EXERCISE PROMPT: Leave the pictures out and return every line below exactly.

(Records from a data source)
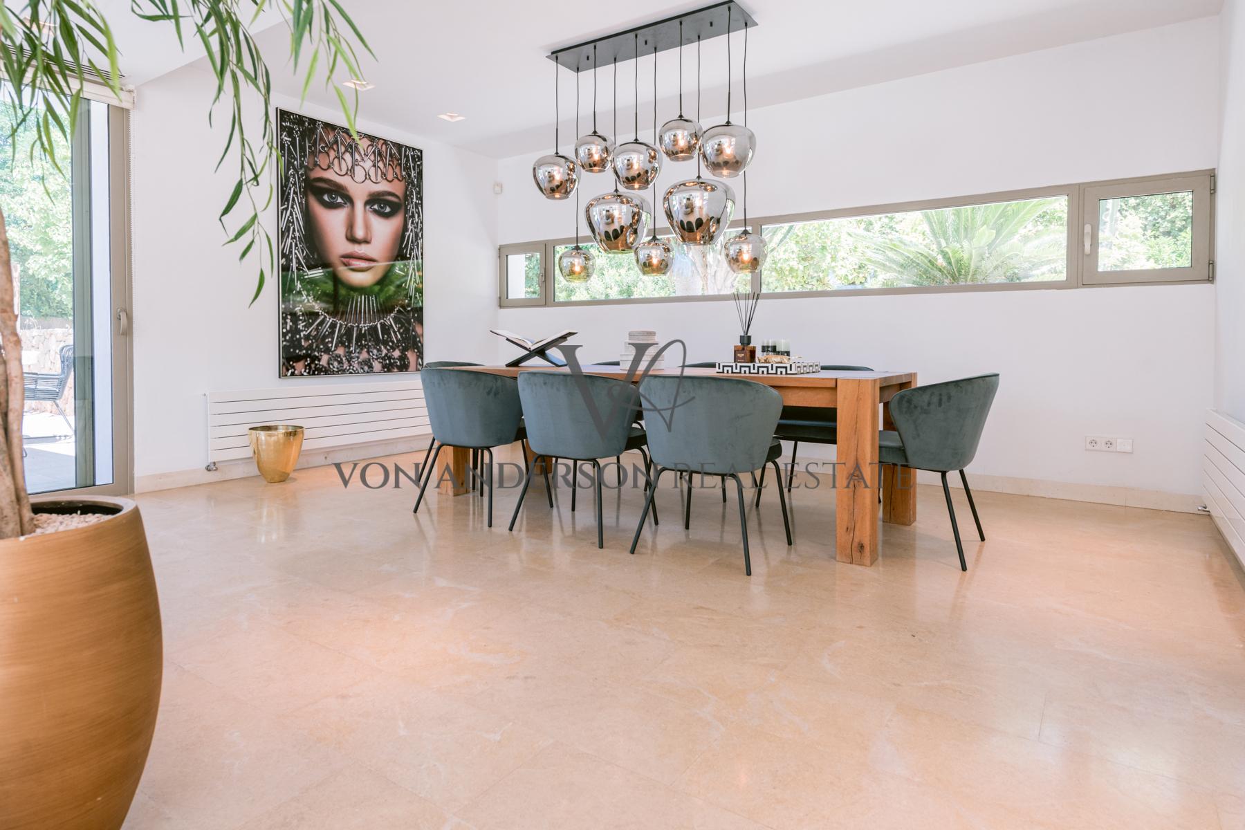 The kitchen seamlessly connects to the expansive gardens, adorned with multiple large terraces, providing ample opportunities for outdoor living amidst serene surroundings. Inside, the residence exudes modern minimalism with touches of elegance through its use of materials such as marble, glass, and chrome, complemented by unique, character-filled furnishings.
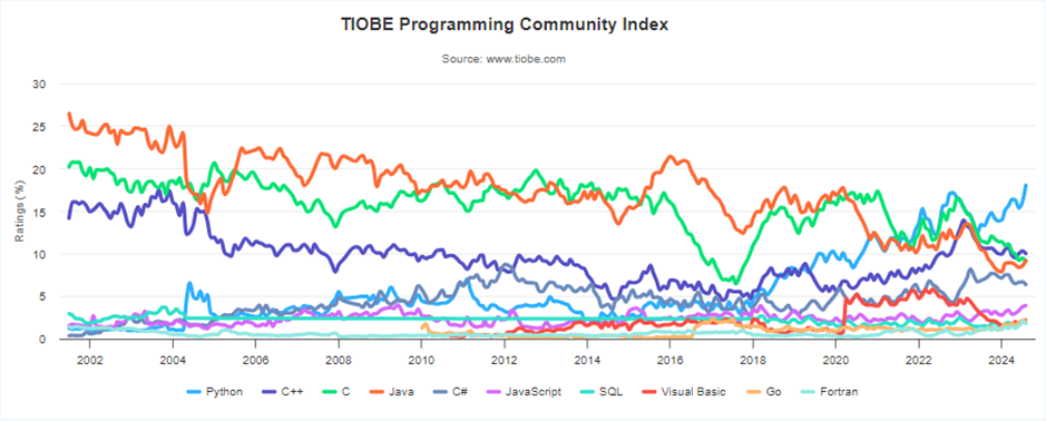 Home » TIOBE Index TIOBE Index for August 2024 August Headline: Python is chasing Java's TIOBE index records This month, Python has a ranking of more than 18% for the first time in its history. The last time a language hit more than 18% was Java in Novemb
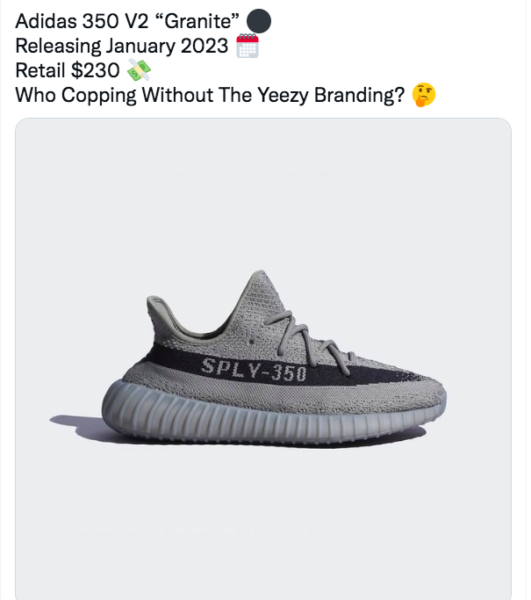 New reports allege that Adidas had no choice but to rebrand the Yeezys because they’re sitting on an inventory that amounts to around $530 million. Allegedly, Adidas is looking to sell the mountain of Yeezys in order to avoid an even bigger financial loss. It was previously reported that the termination of the partnership with Kanye West cost them more than $250 million in profit and $500 million in lost sales. Reportedly, since at least 2019, Yeezys have remained a constant product in the Adidas wheelhouse. A date for Adidas’ first unofficial Yeezy release has been set for the top of 2023.
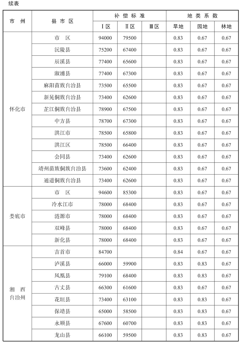 四、市州人民政府可以根据当地实际制定具体实施细则,作出相应调整,但是不得低于本通知确定的补偿标准和地类系数。
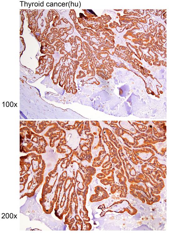 Immunohistochemistry of paraffin-embedded Human thyroid cancer with CDK5RAP3 antibody diluted at 1:50
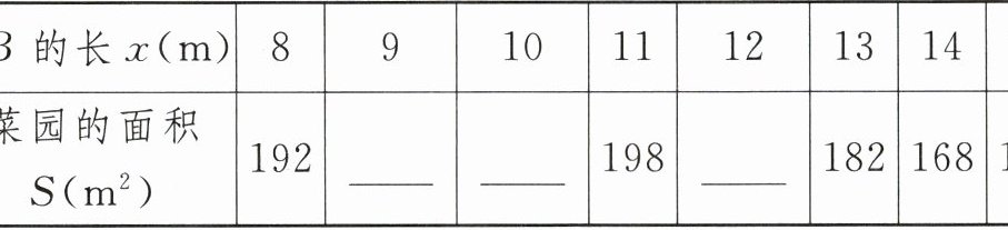 | 菜园的面积$S(m^{2})$ | 192 | ______ | ______ | 198 | ______ | 182 | 168 | 150 | … |
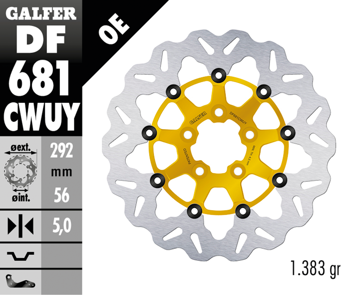 I dischi flottanti Galfer Wave offrono una frenata precisa ed efficiente e un notevole risparmio di peso. Se non diversamente indicato, sono dotati di nottolini in acciaio inox neri che fissano la pista frenante in acciaio inox alla parte centrale in alluminio. Sono utilizzabili con pinze di serie e di ricambio. Sono venduti singolarmente, ordinarne due per applicazioni a doppio disco. Come per ogni disco freno, si raccomanda vivamente di installare nuove pastiglie freno con un nuovo disco freno.

PROBLEM SOLUTION:
 The kitchen seamlessly connects to the expansive gardens, adorned with multiple large terraces, providing ample opportunities for outdoor living amidst serene surroundings. Inside, the residence exudes modern minimalism with touches of elegance through its use of materials such as marble, glass, and chrome, complemented by unique, character-filled furnishings.
 Home » TIOBE Index TIOBE Index for August 2024 August Headline: Python is chasing Java's TIOBE index records This month, Python has a ranking of more than 18% for the first time in its history. The last time a language hit more than 18% was Java in Novemb
 New reports allege that Adidas had no choice but to rebrand the Yeezys because they’re sitting on an inventory that amounts to around $530 million. Allegedly, Adidas is looking to sell the mountain of Yeezys in order to avoid an even bigger financial loss. It was previously reported that the termination of the partnership with Kanye West cost them more than $250 million in profit and $500 million in lost sales. Reportedly, since at least 2019, Yeezys have remained a constant product in the Adidas wheelhouse. A date for Adidas’ first unofficial Yeezy release has been set for the top of 2023.
 四、市州人民政府可以根据当地实际制定具体实施细则,作出相应调整,但是不得低于本通知确定的补偿标准和地类系数。
 Immunohistochemistry of paraffin-embedded Human thyroid cancer with CDK5RAP3 antibody diluted at 1:50
 | 菜园的面积$S(m^{2})$ | 192 | ______ | ______ | 198 | ______ | 182 | 168 | 150 | … |
 I dischi flottanti Galfer Wave offrono una frenata precisa ed efficiente e un notevole risparmio di peso. Se non diversamente indicato, sono dotati di nottolini in acciaio inox neri che fissano la pista frenante in acciaio inox alla parte centrale in alluminio. Sono utilizzabili con pinze di serie e di ricambio. Sono venduti singolarmente, ordinarne due per applicazioni a doppio disco. Come per ogni disco freno, si raccomanda vivamente di installare nuove pastiglie freno con un nuovo disco freno.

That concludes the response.